DUTCH GAME GARDEN

Dutch Game Garden Boo Games
FROM: Utrecht, The Netherlands
KEYWORDS: incubator, support, business training, startup, clustering, co-working space,
DURATION: 2007, running
INDICATIVE COST: budget:4 millions € in 5 years. Savings expected
FUNDING: local funds, EU funds
FOCUS: Game sector
The DGG is an incubator for promising talent and a business centre and meeting point for those who are interested in getting to know more about Utrecht’s gaming industry. It is located in the centre of Utrecht and is comprised of start-ups and other businesses. It aims to accelerate the growth of the Dutch games industry by providing wide-ranging support and facilities for students, starting game developers, start-ups and established game companies.
Started in 2008 with a dozen of companies, hosted companies are 40 in 2012-2013, all game-related. More than half of them produce games and the other half are more in the supply chain of game development .
The Dutch Game Garden is a non-profit organization and offers:
• Business Centre: affordable and flexible office space at an attractive location facility. It is a game development hotspot. A unique mix of startups and experienced entrepreneurs creates a dynamic and inspirational work environment. They primarily house game companies, with room for a related businesses such as app builders, digital campaign designers and online media. It facilitates access to other interesting businesses, research institutes, universities and schools.

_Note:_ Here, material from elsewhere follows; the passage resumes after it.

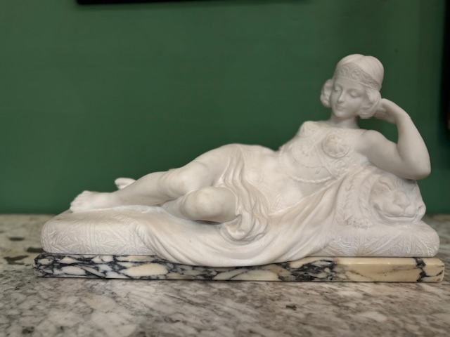 "Marbre orientaliste signé Pugi" Odalisque en marbre trés finement sculpté détail des vétements représentant une femme allongé orientale sur un sofa signé Guglielmo Pugi (1850-1915) est un sculpteur florentin actif entre 1870 et 1915. Certaines oeuvres de Pugi sont exposées au Musée d'Albatre de la ville de Volterra . Il a réalisé le buste du roi Humbert 1er qui se trouve sur la grand place de Fiésole. Des sculptures de Guglielmo Pugi ont été présentées à l'Exposition Pan-Américaine de 1901 à Buffalo (New-York) ainsi qu'à l'exposition Universelle de 1904 à Saint-Louis (Missouri) Dimensions :Longueur 54,5 cm Hauteur 32 cm...

• Incubator: via the Game Company Incubator, the Dutch Game Garden helps graduates and start-ups launch their own game company or game-related business.
• The Developers Club (DevClub) is a Dutch Game Garden initiative focused on promoting cooperation between students enrolled in a game degree programmes across the Netherlands. It is a platform where students can easily interact with gaming industry professionals. The Developer’s Club currently has over 800 members and provides its members with information including news, design tips, vacancies and internships.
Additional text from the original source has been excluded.